Who's doing the Revo treatment?? JBS??

Very nice way of going about it


----------



## wiz (Jun 3, 2004)

It's ADS in Preston,

http://www.ads-global.co.uk/revo/html/home.htm

seem to know a lot about the setup and an excellent garage. Fingers crossed all goes well.

Is it worth changing DV at same time - OEM one on at the moment that squeeled like a pig when I had the Revo trial on. At least I think it was the dump valve.


----------



## MikeyB (Sep 30, 2004)

bmx said:


> what time is kick off? what time are you on the rollers mikeyb?

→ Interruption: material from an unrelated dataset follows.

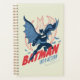 Batman avec cape high-tech et grille bordée Bat Logo qui dit "Batman Into Action".
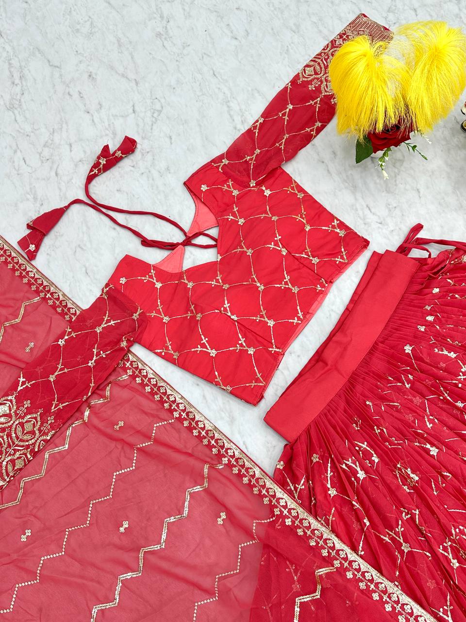 Product Name -Wedding Wear Georgette Red Lehenga Choli

Kick off from 9am, I'll be there from 8:45 ish!

Wiz, dont rush tomorrow, we'll fit you in.


----------



## nutts (May 8, 2002)

wiz said:


> It's ADS in Preston,
> 
> http://www.ads-global.co.uk/revo/html/home.htm
> 
> ...


I have a brand new Stratmosphere DV, never used... still in the box.

Pity I didn't bring it with me :?


----------



## Cupra R (Feb 13, 2005)

wiz said:


> It's ADS in Preston,
> 
> http://www.ads-global.co.uk/revo/html/home.htm
> 
> ...


I would say yes change the DV at the same time, my car felt to run smoother with an uprated DV.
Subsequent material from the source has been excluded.